The case for putting urbanity and nature closer together is only going to get stronger. To this end, I am very encouraged by a report from Kat Friedrich in GreenBiz (June 2017), noting that health care giant Kaiser Permanente is partnering with the University of Illinois and a consortium of government, nonprofit, and corporate entities on a massive study of its 4 million subscribers in northern California to determine if the amount of greenness near their homes (in three categories: street trees; park spaces; and private yards), as revealed by satellite imagery, makes a measurable difference in subscribers’ health.
Friedrich quotes researcher Matt Browning of the University of Illinois:
“We’re expecting a 1:10 to 1:100 ratio for investment in urban green space with regard to reduction of health care expenditures. This means that investing $1 in planting and maintaining urban trees would reduce health care costs nearby by $10 to $100.”
If realized, such a finding would be impressive, to say the least. Moreover, according to the story, the researchers want to test the additional hypothesis that adding green spaces in low-income communities may have a particularly high financial impact because poor neighborhoods currently tend to be nature-deficient.
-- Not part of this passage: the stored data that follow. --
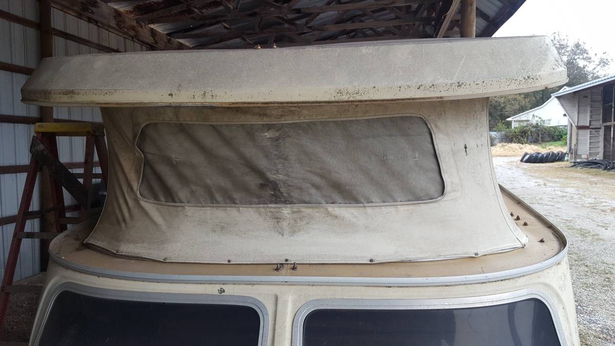 If folks saw the Oct 2017 Stillwater Oklahoma Craigslist ad for this #0466 Chalet back when it was still all assembled and roadworthy, they’d understand what the current “…all original except pop-up top” bit meant. Back then, it was likely that the pop-up roof had been completely blown off the rig in some form or another of a catastrophic manner and that the owner or prior owner had replaced it with a hand-fabricated sheetmetal roof. What this current seller has accomplished after he bought it was locate a tan-colored fiberglass 1977 model year roof from some parts Chalet rig somewhere. That’s the warning I try to tell any seller, that when going down the road, the spring-loaded pop-up roof may spring open if it is not tied down with the 5 interior factory straps. It’s why you see various ones with big outside aftermarket clamps on the upper sides to hold the roofs down, and why you sometimes see parked ones with a big strap over the whole roof.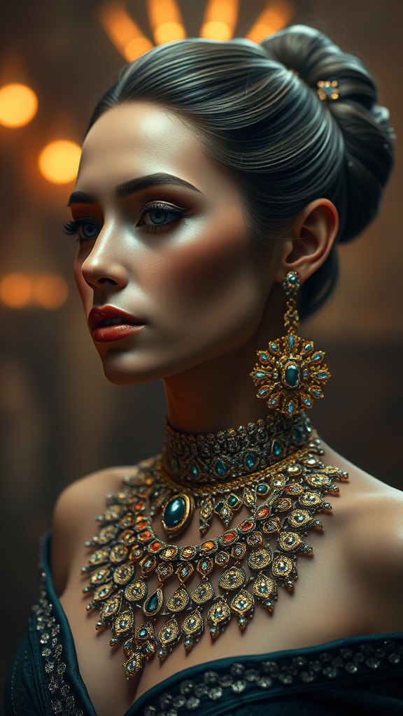 8k resolution depth of field atmospheric haze advanced global illumination dynamic lighting with optimal illumination featuring volumetric lighting and ultra-realistic high-definition 8k photorealism embodying hyper-realism intricate photon mapping and physically-based rendering focusing on detailed jewelry showcasing exquisite craftsmanship, robust negative space counterbalance, enhanced tonal contrasts, expertly refined imaging avoiding distortion or negative anatomical features ensuring impeccable photorealistic presentation with emphasis on artistic integrity and precision.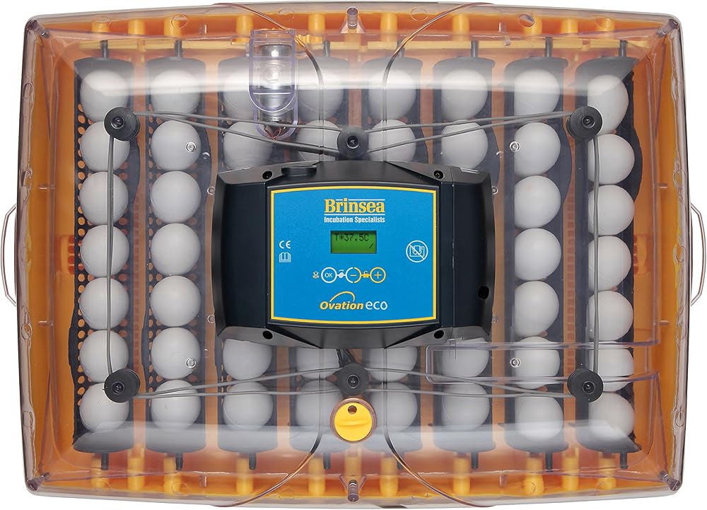 Building on years of incubator design, the all new Ovation 28 Eco fully digital egg incubator incorporates Brinsea's new "Induced Dual Airflow" system which achieves higher levels of temperature consistency for optimum hatching conditions. Quality incubator for the discerning breeder, the Ovation 28 Eco has the main features needed for a successful hatch with the convenience of automatic turning, digital control, good visibility of the eggs and handling up to goose size. A simple and highly accurate menu driven digital control system gives digital display of temperature, automatic temperature control in °F or °C fully factory calibrated, high and low incubator and room temperature alarms, programmable automatic egg turning, fan assisted air flow with Induced Dual Airflow system and ventilation control. Humidity is provided by water trays with easy water top-up with level indicator. Like all Brinsea incubators the Ovation 28 Eco has a robust and easy to clean plastic cabinet to provide the optimum environment for hatching. 28 hen eggs capacity with standard egg carriers provided but suitable for a wide range of egg sizes -optional large egg carriers available. 3-year warranty.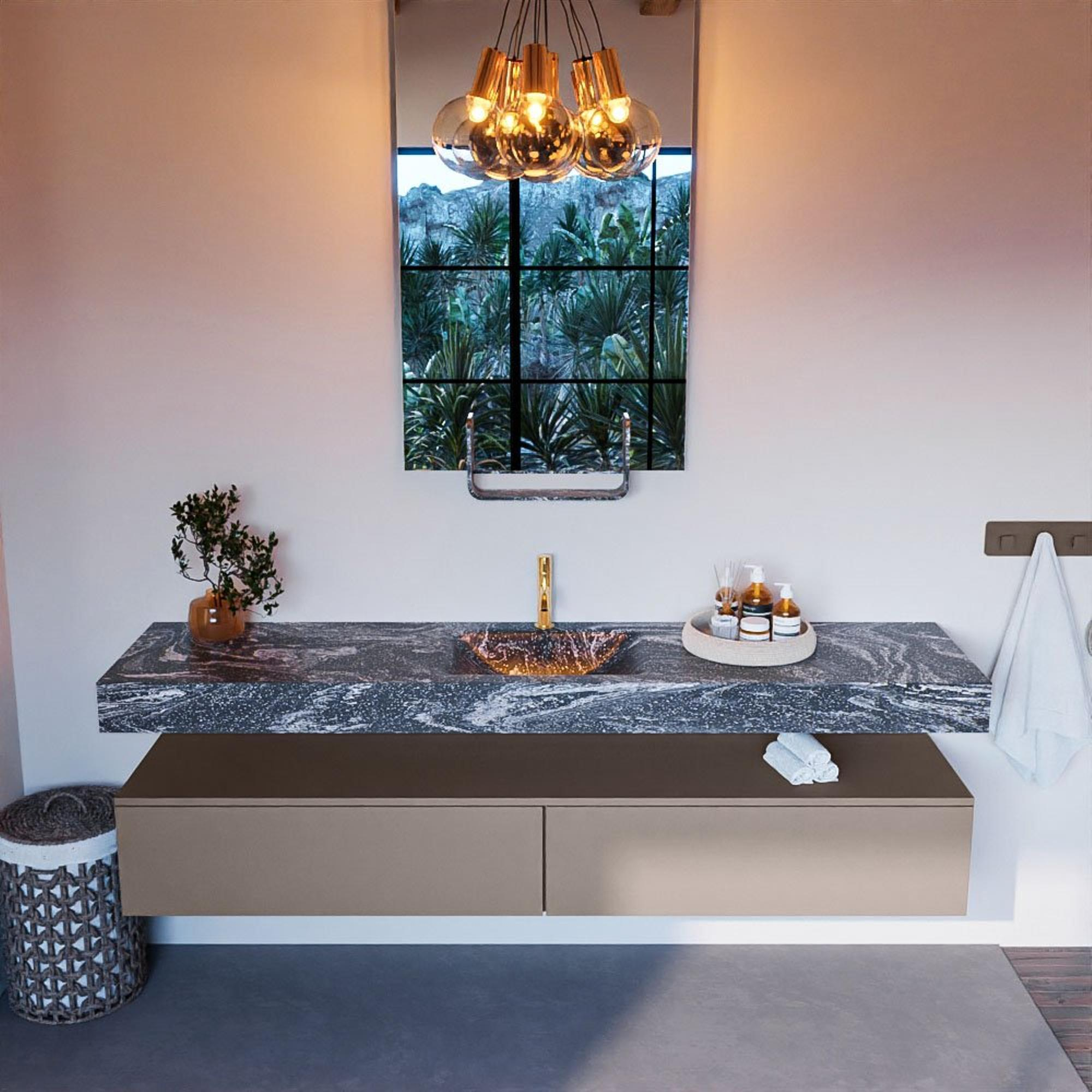 MONDIAZ ALAN - DLUX Badkamermeubelset - 200cm - onderkast - Smoke - 2 lades - vrijhangende wastafel - wasbak midden - 1 kraangat - Lava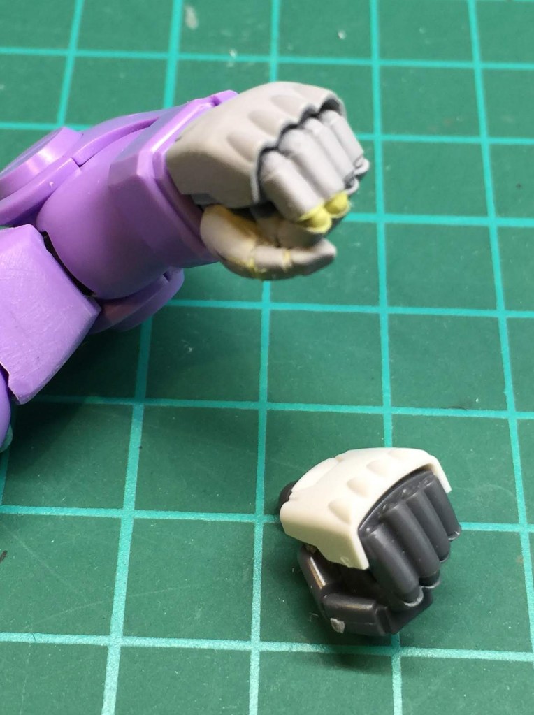 ③ 手はザクと同サイズに。拳は削り込み&指ディティール追加。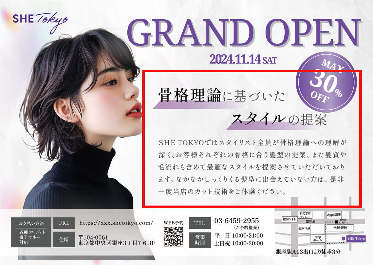 サロンを銀座にOPENすることになり、新店舗OPENに向けたポスティング用のフライヤーの制作依頼。骨格理論に基づいたスタイル提案が売りの美容室。オーダーしていただいた髪型もそのまま再現するのではなく、一人ひとりの骨格や髪質に合わせて最大限に合うようにカスタマイズし、仕上げることを得意としている。スタイリストは皆モデル御用達の名店で腕を磨いた実力派。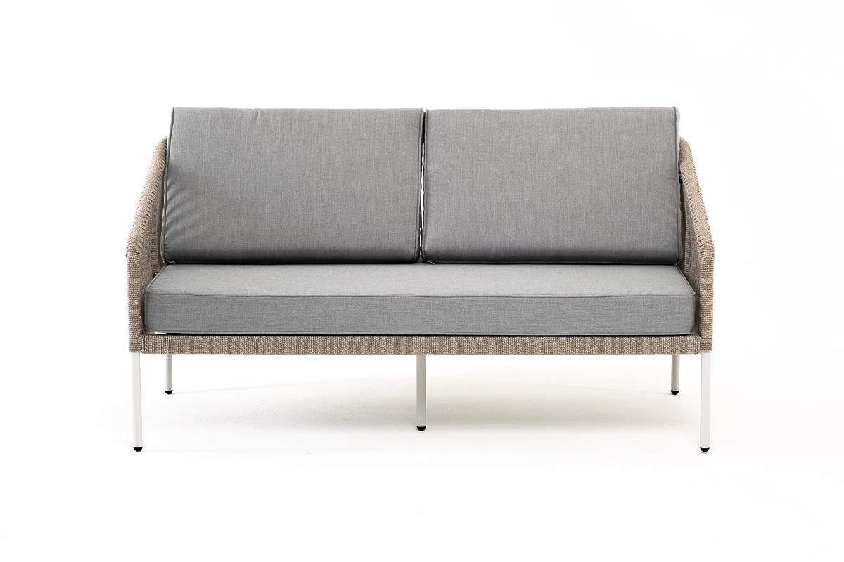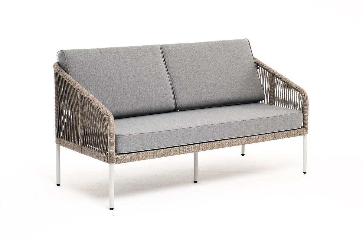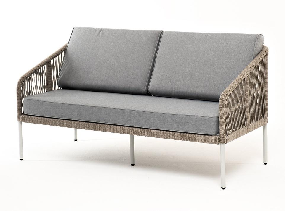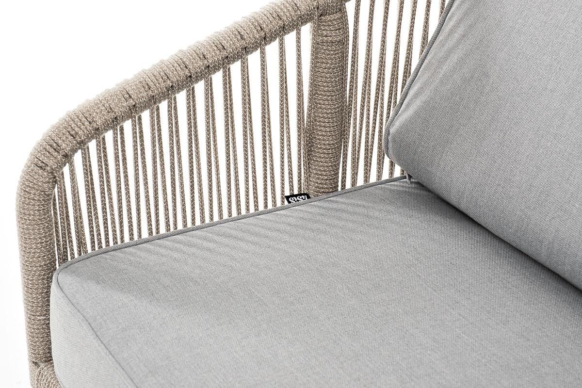 Диван 4SIS "Канны" диван 2-местный плетеный из роупа, каркас алюминий светло-серый (RAL7035) шагрень, роуп серый меланж круглый, ткань светло-серая арт. KAN-S-2-001 RAL7035 Mua mel-grey(H-gray)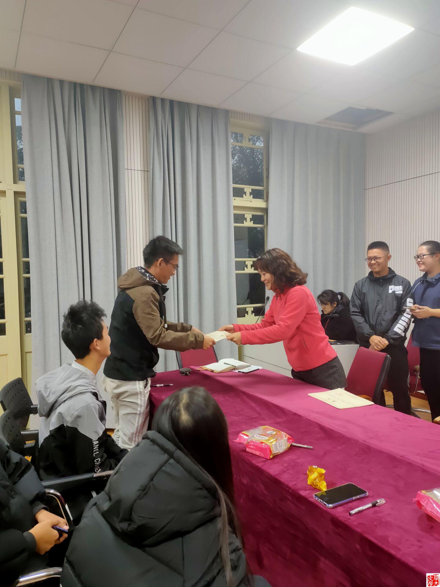 本次会议是在各班开展了第一次团日活动的背景下召开的,由年级组织部孔垂浩同学主持。会议分为"雁过留声,人过留名"的热身小游戏,各班团支书做团日活动总结,师范班、非师范班分组讨论交流,颁发聘书,秦玉琴老师做会议总结以及介绍学院整体情况。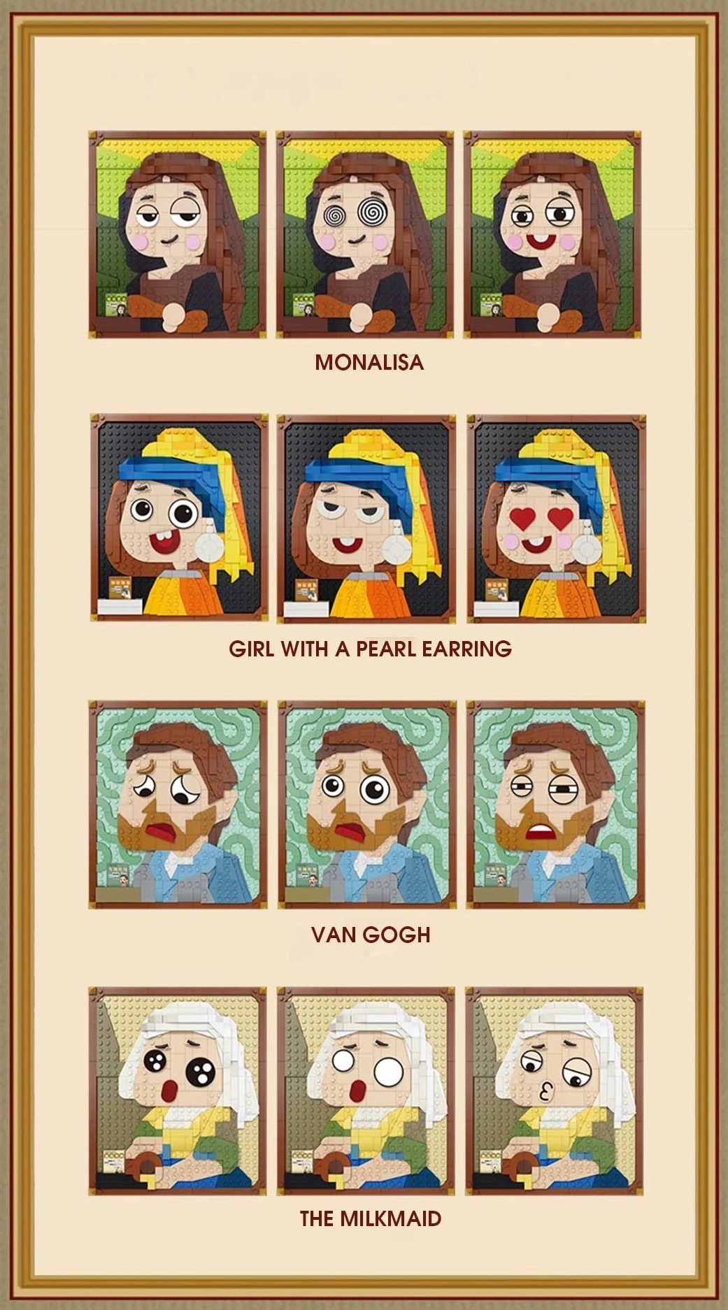 Was kann man aus Klemmbausteinen nicht alles Kreatives basteln. Zum Beispiel Klassiker der Kunstgeschichte wie die Mona Lisa oder das Mädchen mit dem Perlenohring in, äh, „ausgefallenem“ Comic-Look mit austauschbaren Gesichtsausdrücken.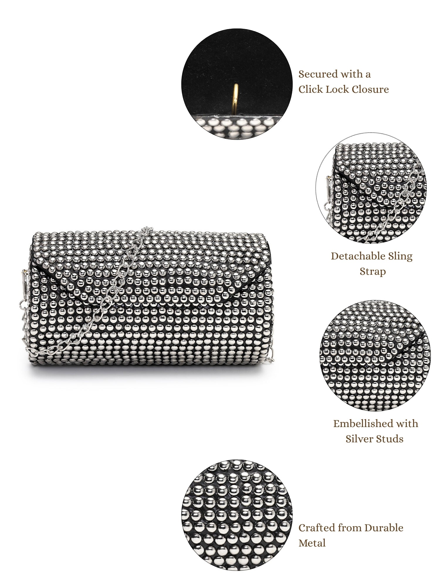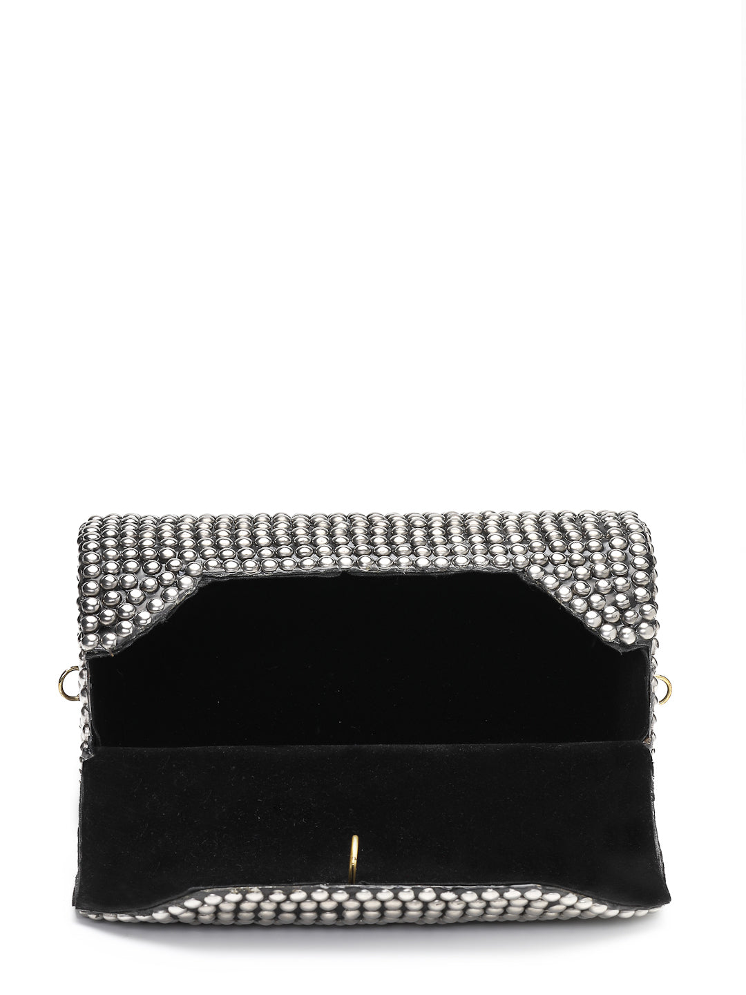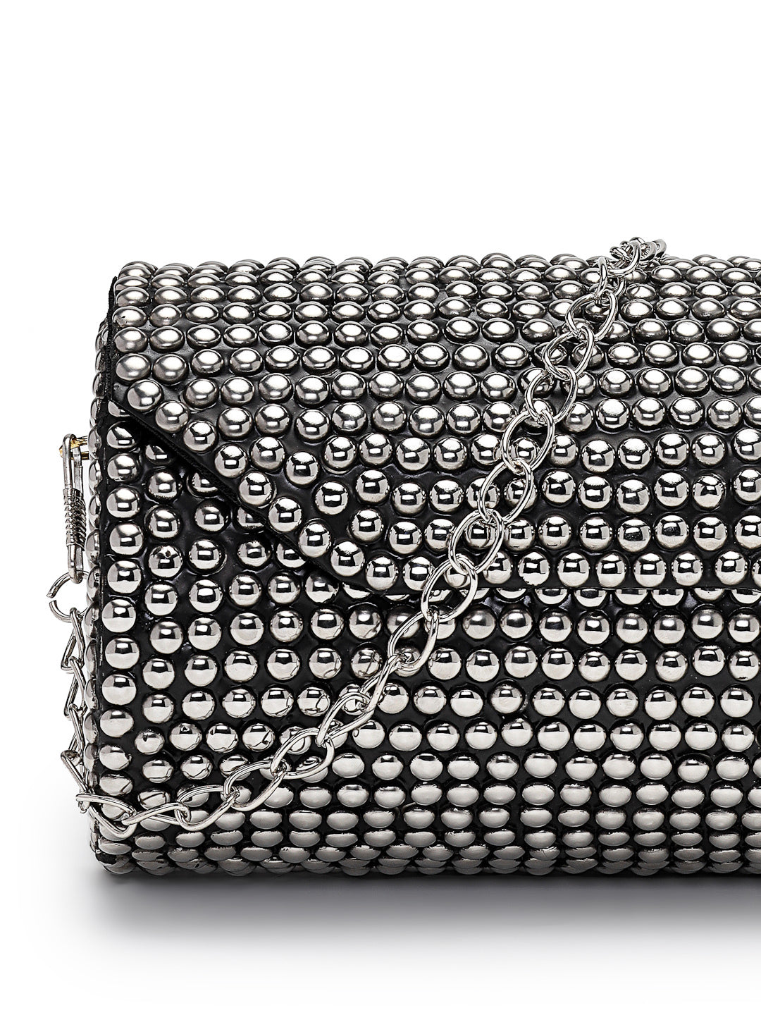 This Anekaant Clutch from the Metal Mirage Collection is designed in a sleek cylindrical silhouette with a hard case construction and a secure enamel base. Showcasing a striking black surface with metallic silver highlights, it is adorned with polished dome studs arranged in a dense, grid-like pattern for a bold contemporary appeal. Finished with a detachable sling strap, this clutch offers both statement style and functional ease, making it an ideal choice for parties, festive occasions, and evening gatherings. Dimensions (L x H x W):18 x 10 x 9.5 cm.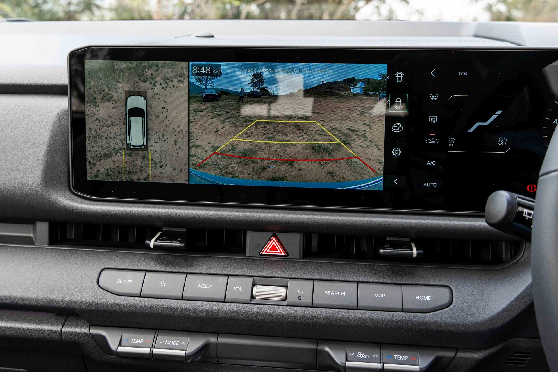 Hãng xe Hàn Quốc vẫn giữ lại các phím bấm vật lý cho hệ thống âm thanh nhằm đảm bảo tính tiện dụng khi thao tác. Trên các phiên bản cao cấp, danh sách trang bị khá ấn tượng với hệ thống âm thanh 8 loa Bose, điều hòa tự động hai vùng, sạc không dây có tản nhiệt, đèn viền nội thất 64 màu và phanh tay điện tử. Hàng ghế sau cũng được chăm chút khi có thể ngả tới 24 độ, đi kèm cửa gió riêng, rèm che nắng và cổng sạc USB-C.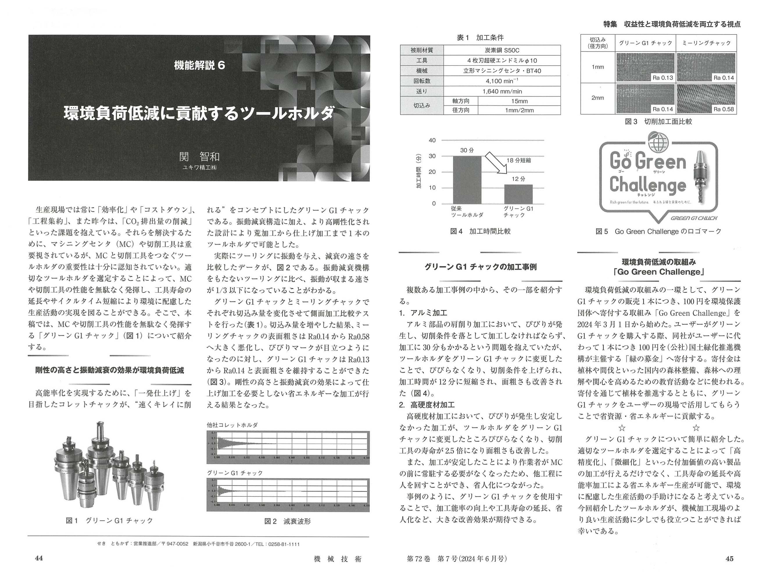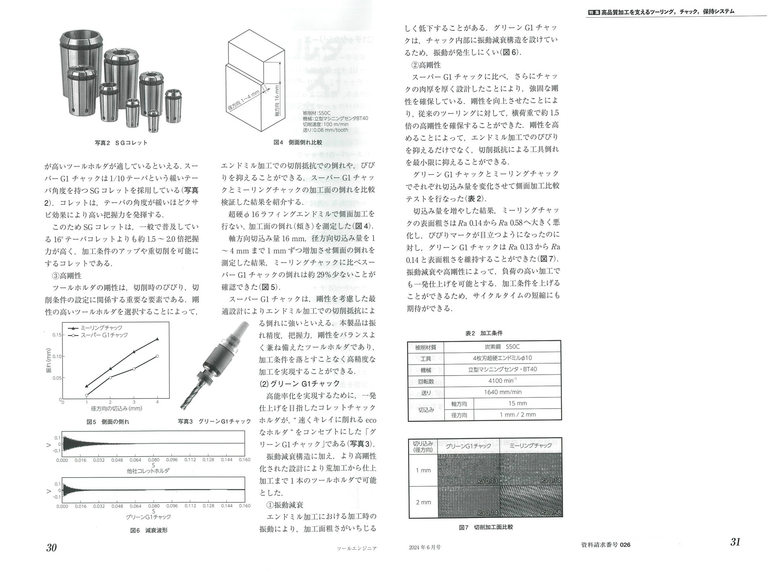 大河出版が発刊するツールエンジニア2023年7月号にG1チャックシリーズが掲載されました。現在、生産現場では高精度化、微細化といった高付加価値な製品が要求されています。また、昨今はSDGsの取り組みとして省エネルギー、省資源が求められています。ツールホルダーは、工作機械と切削工具をつなぐアダプタとして高精度加工を実現するうえで重要な役割を担っており、ツーリングメーカでは、工作機械と切削工具の性能を十分に引き出すことができるよう開発を行っています。本掲載では、工作機械と切削工具の性能を無駄なく発揮するスーパーG1チャック、グリーンG1チャック、ハイブリッドG1チャックについて紹介しております。実際にG1チャックを使用されたユーザー様からは、「切削工具が長持ちするようになった」、「加工ワークの面粗度が上がった」、「加工速度を上げられた」や「加工音が静かになった」など、多くの喜びの声が寄せられています。弊社は、今後もG1チャックシリーズの製造、販売を通して、ユーザー様の省資源、省エネルギーに貢献出来るよう精進する所存です。

I am also impressed and encouraged by a consortium of diverse partners in Europe – some 32 institutions from 18 countries – that is working on retrofitting more “nature-based solutions” into an initial group of eleven European cities. Funded in part with seed money from the European Commission and called Connecting Nature, the program seeks to incorporate more street trees, parks and gardens, green roofs and walls, green infrastructure, and the like into the lead cities, to measure the results, to learn lessons along the way, and to spread the strategies to additional cities over time. (The description on the website reminds me in some ways of the ambitious and promising City Energy Project in the US, which seeks to improve the energy efficiency of buildings in twenty American cities.)
Let’s wish them well, and do more of the same here in North America.